And every forum was full of signatures with big, hopeful .gifs and people ended every sentence with “CHECK OUT MY WEBCOMIC!”  And we had to have The Talk about how we do not make forum posts just to plug ourselves because that is cheap.

Is this starting to sound familiar to anybody? Maybe just a tad?

It was a smaller scale. There have never been as many comics as books—probably because throughout history, fewer people have believed they could draw. But it was the same world.

This is not me slamming self-publishing. Are you kidding? I was one of those webcomics people! I have a rocket ship on my mantlepiece and an Eisner nomination and a nonexistent tattoo of the New York Times quote because of my webcomic, which quite frankly makes me one of the teeny tiny upper percentage in terms of critical recognition in a webcomic. (Seriously, I think I’m behind Girl Genius and…uh…apologizing to Howard Taylor a lot…) I am a huge raving success story about the power of putting a comic on the web with no gatekeeper and no editor and a complete inability to spell the word “separate” correctly on the first try. The day may come, if I can hack the work (and it won’t be for a long time, so don’t get excited) when I may do another webcomic, because webcomics are glorious.

It was a brave new world. It was the Wild West. It was awesome.

I should also mention that I have made, in total, probably around $20K from Digger. Spread over nine years. And for a webcomic, that’s considered pretty damn fine commercial success (and it’s worth noting that probably 90% of that is because a rockin’ little small press named Sofawolf did print versions. They did all the work, and I love them for it forever. I am frankly sort of amused that people are making a big deal out of the fact that there’s a self-published thing on this year’s Hugo ballot, because they were nominating Digger as a self-published work. I had to ask specifically that Sofawolf’s name go on the ballot with mine, because they do a damn fine job and they deserved to be there too.)
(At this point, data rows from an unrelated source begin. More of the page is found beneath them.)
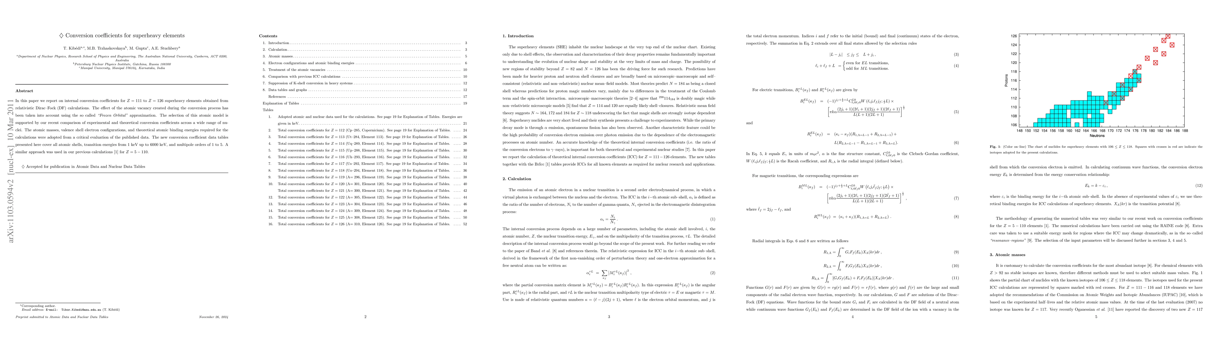 Researchers calculated internal conversion coefficients for superheavy elements with atomic numbers 111 to 126 using relativistic Dirac-Fock calculations, providing new data on transition energies and multipole orders.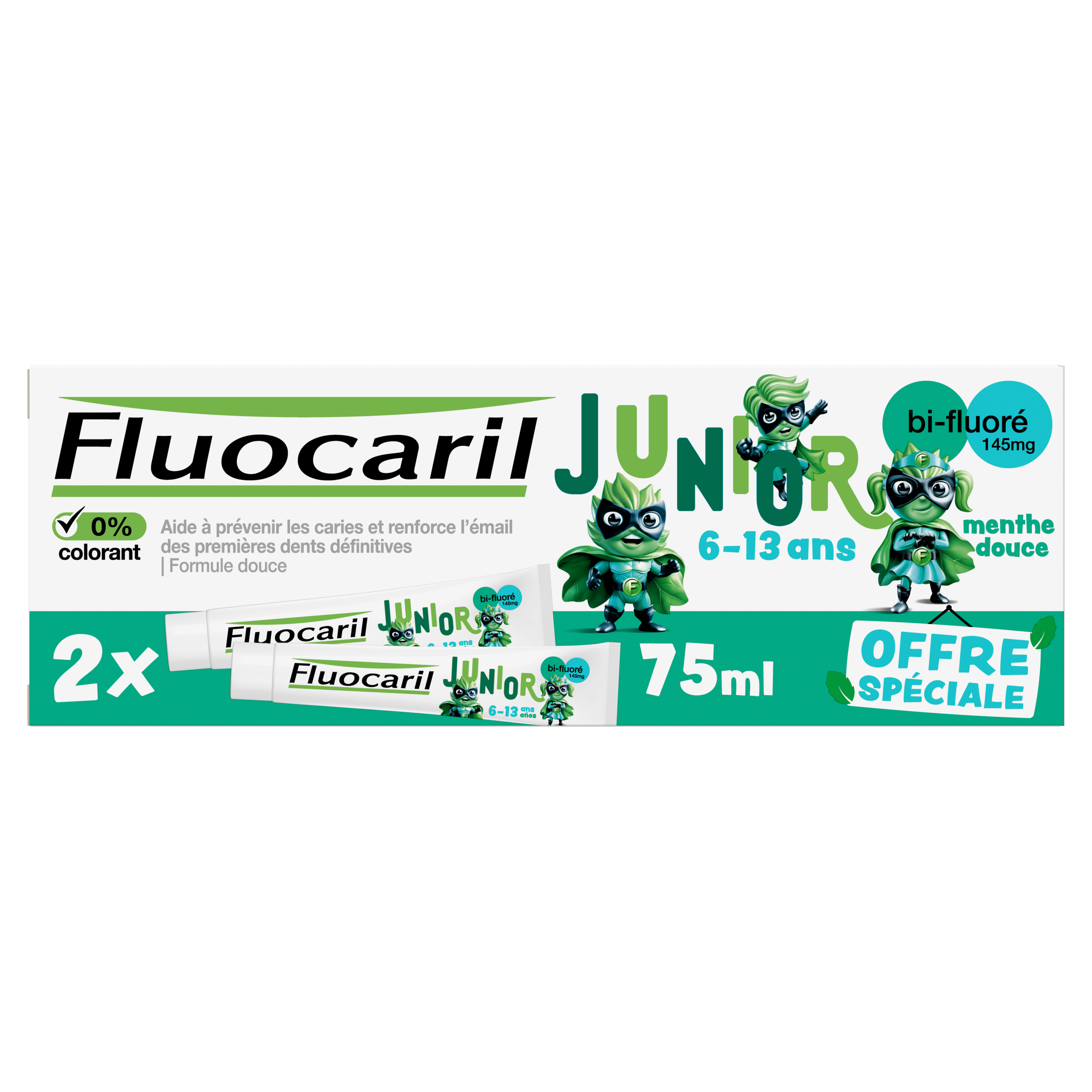 | Libellé | Fluocaril Dentifrice Junior 6-13 ans Menthe Douce 2 x 75ml |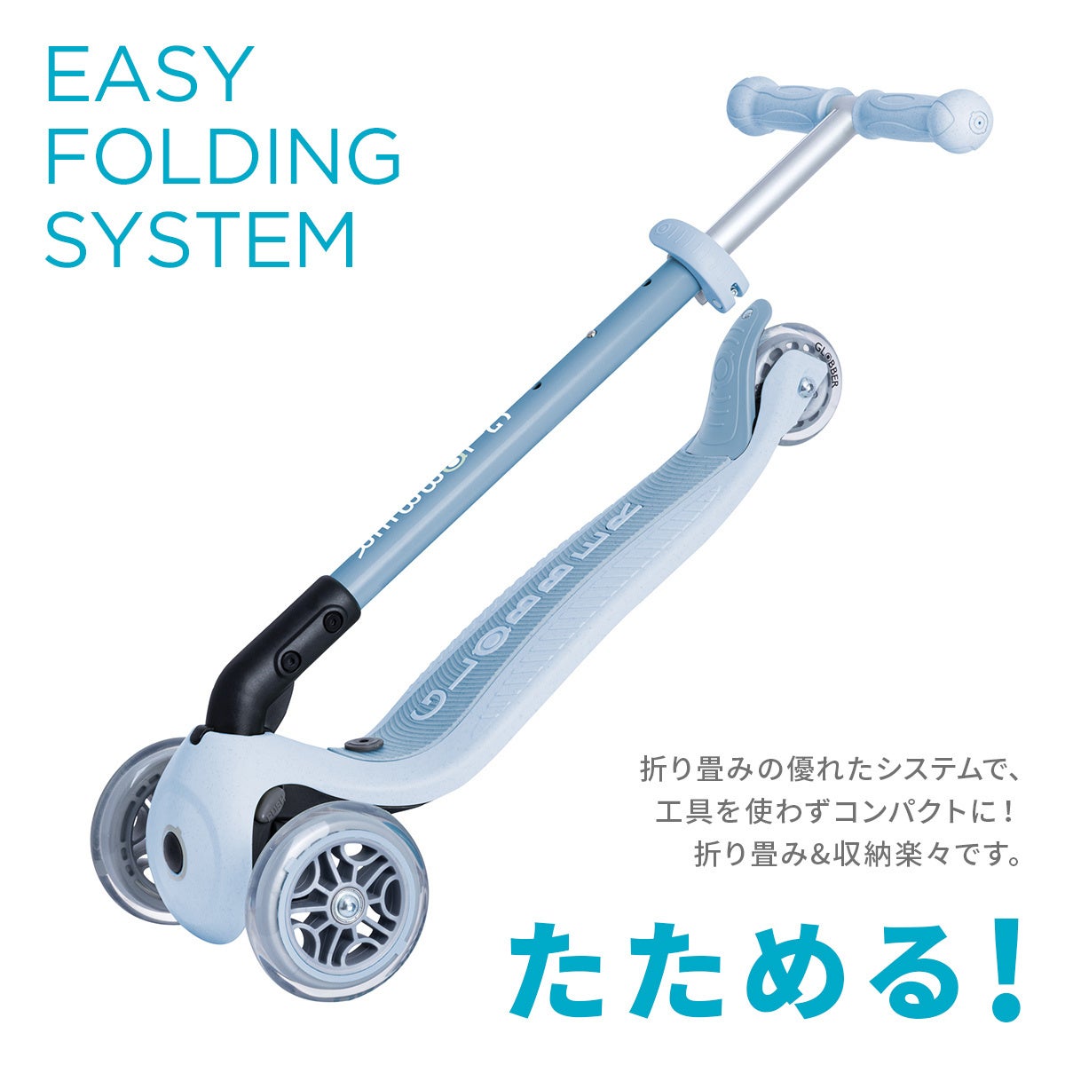 フランス生まれのGLOBBER。ミッションの1つに「イノベーション」を掲げ、ハンドルロックや折りたたみのシステム、工具不要のモードチェンジなど、ユニークなデザインを追求しています。環境にやさしい世界を目指し、再生プラスチックを使用したECOなモデルも展開。革新的なモビリティが、世界を冒険するお子さまとそのファミリーを応援します。

Once we settled the Wild West and put in railroads and people stopped dying of dysentery, it turned out that webcomics looked pretty much like everything else.

A couple of people made a LOT of money.

A lot of people made a little money.

Most people made almost no money.

I repeat, is this starting to sound familiar to anybody?

This is not me slamming on self-publishing. I would have self-published Digger if Sofawolf hadn’t stepped up. I have many friends who self-publish comic collections, books, all kinds of things. Many of them do very good work.

None of them are rich from it.

If the day comes when I have a book I love (and it will come) and my agent cannot sell it (too weird, wrong brand, whatever) then I will self-publish it. And I will try very hard to do good work.

And I will not get rich from it.

And that’s okay.

There are fewer webcomics now. The hyperbole has died down. People still try, and fail, and get grumpy and quit. The big names are mostly still big. It is still possible to get a decently good following and, if you work your ass off, either make a living from it or make enough to supplement your day job pretty nicely.

Is this starting to sound…oh, never mind. You get the point by now or you don’t, and you agree with me or you don’t.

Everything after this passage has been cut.